In 2007, CDC notified FDA of a multi-state outbreak of Salmonella Tennessee infections. In this case, because it was not a perishable food, consumers who had become ill still had jars of peanut butter available for testing. This enabled investigators to confirm the presence in that food of the contaminant associated with the outbreak. Further, because the food was packaged, the investigators were able to identify the manufacturer through the information on the jars. This is an example of a rapid trace back in which the necessary information was readily available.
Salmonella (S.) is the genus name for a large number (over 2,500) of types of bacteria. Every year, approximately 40,000 cases of salmonellosis are reported in the U.S. Because many milder cases are not diagnosed or reported, the actual number of infections may be 30 or more times greater. Salmonellosis is a rod-shaped, motile bacterium which is more common in the summer than winter. Salmonellosis can be caused by contaminated food processing or handling, especially by handling food with unwashed hands. Salmonella may also be found in the feces of some pets, especially those with diarrhea. You can become infected if you do not wash your hands after contact with these feces. Reptiles, baby chicks and ducklings, and small rodents such as hamsters are particularly likely to carry salmonella. Beef, poultry, milk, and eggs are most often infected with salmonella. But vegetables may also be contaminated. Contaminated foods usually look and smell normal. Symptoms include diarrhea, fever, and abdominal cramps. These symptoms develop 12 to 72 hours after infection, and the illness usually lasts 4 to 7 days. Most people recover without treatment. But diarrhea and dehydration may be so severe that it is necessary to go to the hospital. Older adults, infants, and those with impaired immune systems are at highest risk.

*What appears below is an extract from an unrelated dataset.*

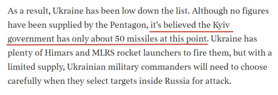 Le Sunday Times britannique affirme que l’Ukraine ne possède que 50 missiles ATACMS, donc si 6 sont utilisés contre des objets inutiles, cela réaffirme à nouveau tout ce que nous savons sur l’impulsion stratégique restante de Zelensky.

Food traceability is becoming an important area for concentration for companies because when margins are thin, knowing where your product comes from and the possibility of avoiding a consumer suing the company is worth the company (in some cases). The government and companies are now seeing the rewards of food traceability and putting money into food traceability. They have realized that spending money on food traceability will probably have a pay off in the end, and often is the difference between a successful company and an unsuccessful one. Food traceability also ensures traceback for food safety and quality. Traceability systems help firms isolate the source and extent of safety or quality control problems. This makes sure if an infected product gets to the shelf it can be removed right away and possibly stop an outbreak. The better and more precise the tracing system, the faster a producer can identify and resolve food safety or quality problems. Escherichia coli O157:H7 and Salmonella are responsible for a large number of deaths each year, these can in part be avoided with better food tracing systems to ensure that food gets to consumers quicker.
The concept of food origin tracing is not new to the industry. The safety and integrity of our food has always been a concern for meat, food and beverage producers. However, the world has become more risky. Increased globalization of supply chain sourcing and distribution, combined with political instability, more rapid spread of contamination and disease, and the growing threat of international terrorism have brought the issues of food supply safety and traceability to the forefront of public concern.